Genetically modified plants have been grown in some countries for over 20 years now – for example, in the USA, China and India. By contrast, “green” genetic engineering in the EU, and especially in Germany, is a controversial issue; in Germany, no genetically modified plants are grown commercially. However, discussions on the issue have been picking up again for a few months now. The EU Commission and scientific organisations such as the German Research Foundation (DFG) and the German National Academy of Sciences Leopoldina advocate that plant breeding methods should be given approval which are carried out with the aid of new methods of genetic engineering such as CRISPR/Cas and which are not distinguishable in their results from conventional methods of breeding. In February 2024, the EU Parliament voted for a relaxation of the regulations covering these new methods of genetic engineering and for a restricted labelling requirement. Many consumer protection and environmental organisations reject the reform proposed by the EU.

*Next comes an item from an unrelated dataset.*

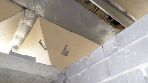 A tetőtérben közlekedő, 3 hálószoba és egy fürdőszoba van tervezve, de itt a válaszfalak még nem épültek meg.

“We need to differentiate,” says Prof. Antje von Schaewen from the Institute of Biology and Biotechnology at the University of Münster. “There are transgenic plants which carry a gene alien to their species and which would not be affected by the relaxations. On the other hand, plants can be created, using modern methods, whose genetic material contains precisely placed point mutations such as occur in nature too – although there, in nature, they are the result of chance. Or genes characteristic of the species can be transferred – and more precisely than is possible using conventional breeding methods.” Antje von Schaewen has misgivings regarding the categorical rejection of green genetic engineering. “Yes, of course benefits and risks always have to be carefully examined. But let’s take the example of ‘golden rice’: in contrast to white rice, this sort contains provitamin A, thanks to genetic engineering. This gives it the potential to save the lives of around two million people in developing countries who go blind or die every year through malnutrition – and it’s mostly children who are affected.” This rice was ready to be marketed back in 2002. Then there were massive protests and lobbying by several organisations, including Greenpeace, and as a result the rice was not grown in the Philippines until 2020 – after scientists had repeatedly pointed out the benefits over a period of 20 years.

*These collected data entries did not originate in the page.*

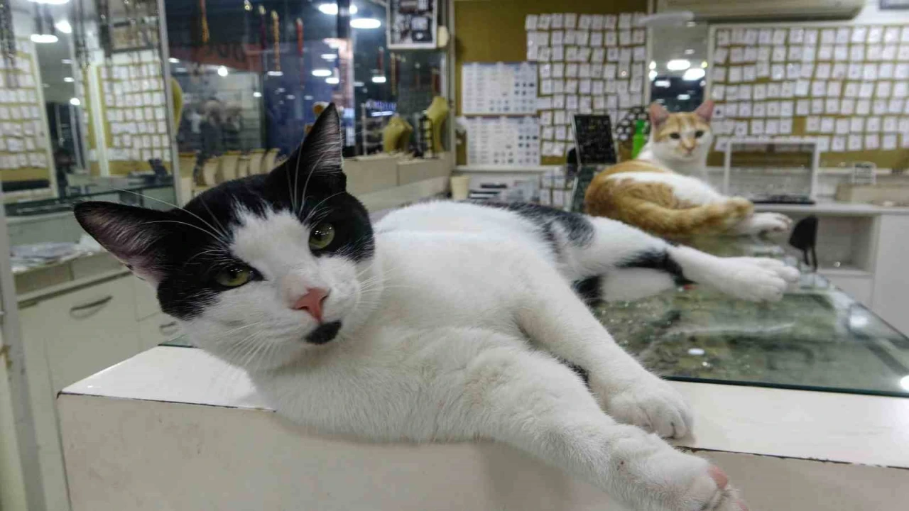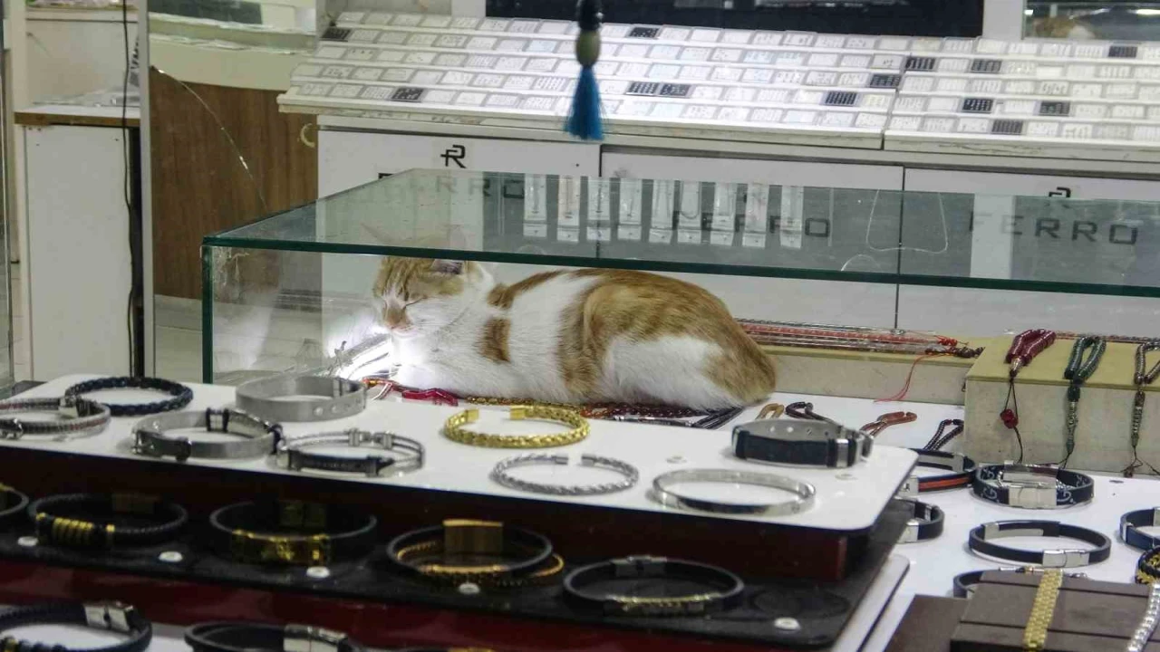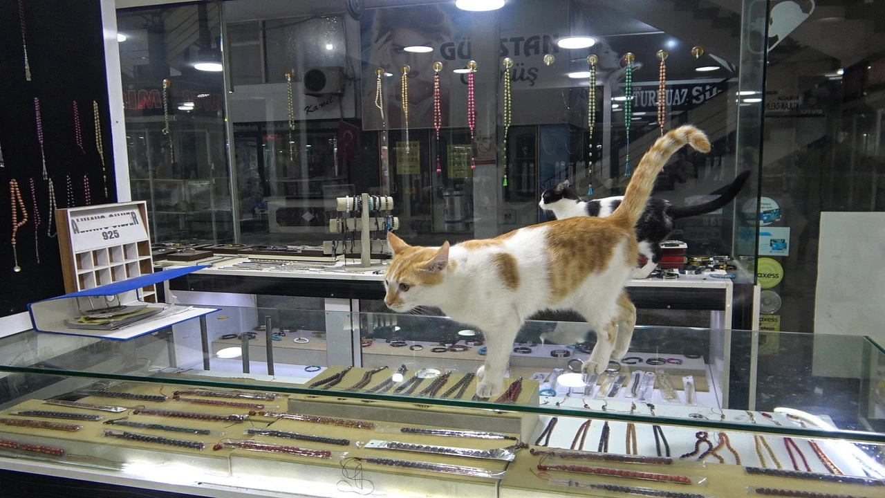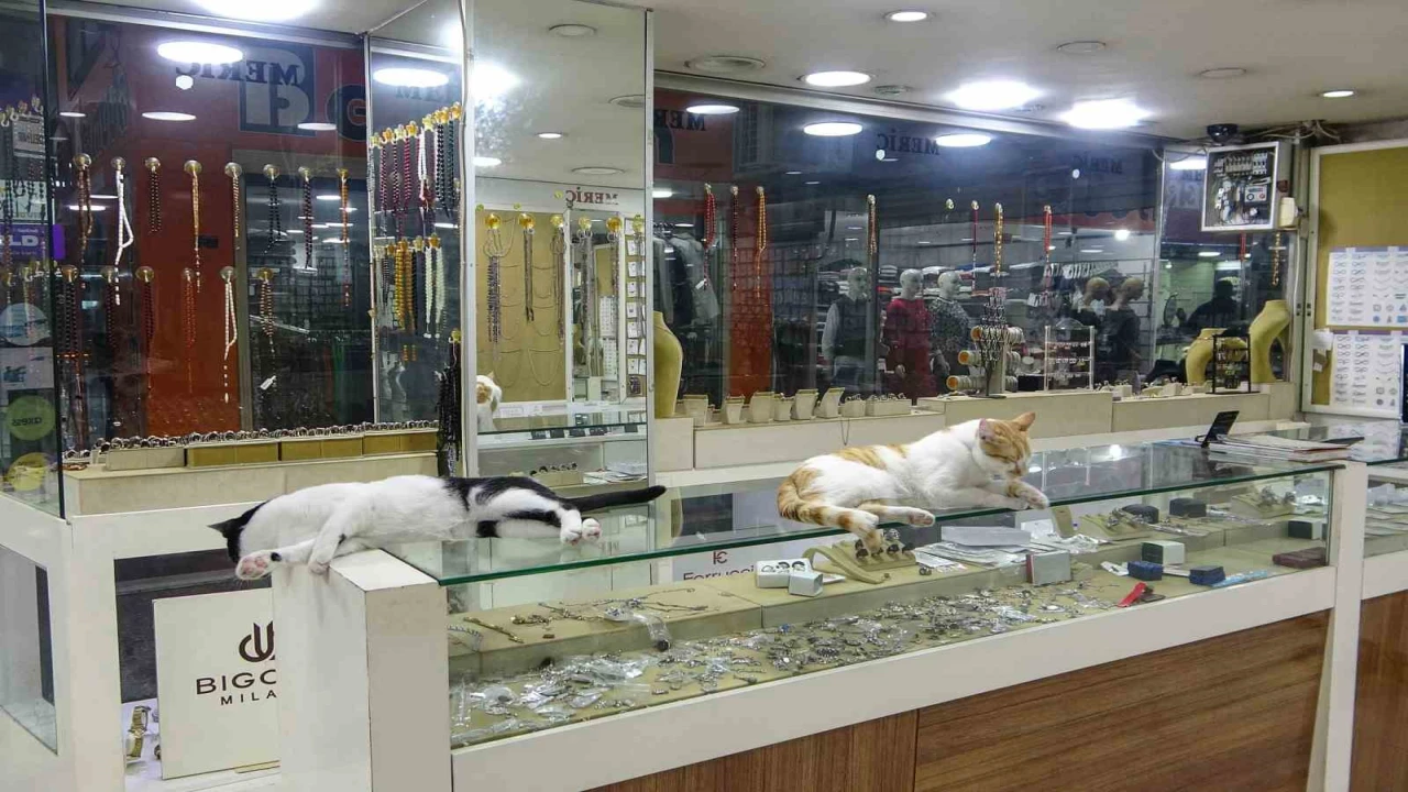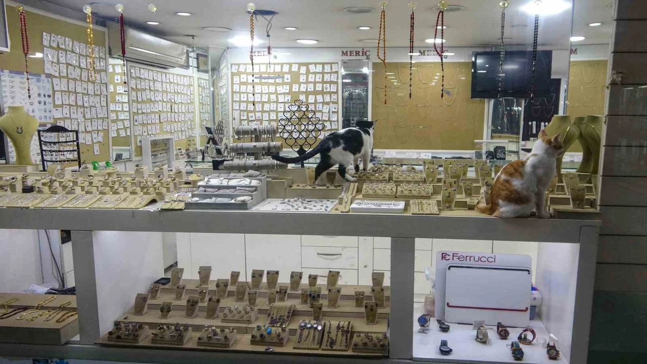 Mersin’de bir esnafın iş yerinde beslediği kediler, gümüş takı tasarım dükkanının vitrinini süslüyor. Her sabah iş yerini açmaya geldiğinde ortalığın dağınık olduğunu belirten Adem İnan, "Sabah gelip dükkanı açtığımda her gün aynı manzarayla karşılaşıyorum; vitrinler dağılmış. Gece olunca burası onların yaşam alanı gibi oluyor, vitrine çıkıp oynuyorlar" dedi.
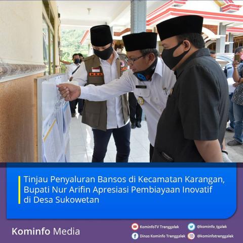 Meninjau penyaluran BLT Dana Desa di Desa Kayen dan Desa Sukowetan bersama Wakil Ketua DPRD Trenggalek, Bupati Trenggalek Mochamad Nur Arifin mengapresiasi gerak cepat Desa Sukowetan yang sudah melakukan pembiayaan inovatif dalam menangani dampak sosial ekonomi akibat pandemi wabah covid-19, Rabu (6/5).
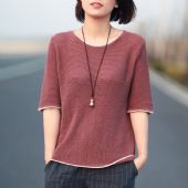 夏季新款 简约休闲拼色螺纹亚麻针织衫T恤女圆领中袖打底衫

Genetic engineering is very important for the natural and the life sciences – in order to find out, for example, how physical features or diseases occur, what processes take place at the molecular level, and what role the genes play in all this. Dandelions or tobacco plants, coli bacteria, viruses or yeast cells, zebra fish or fruit flies – the list of organisms which are genetically modified for research purposes is long. “Genetic engineering is a powerful tool for basic research – and one which we can no longer do without,” says Prof. Stefan Schulte-Merker from the Institute of Cardiovascular Organogenesis and Regeneration at the Faculty of Medicine. “The results of this research work – both in applied research and in practice – are indispensable for biomedical and social progress, whether it's in agriculture, hospitals or industry,” he says.

Author: Christina Hoppenbrock

This article appeared in the University newspaper wissen|leben No. 2, 4 April 2024.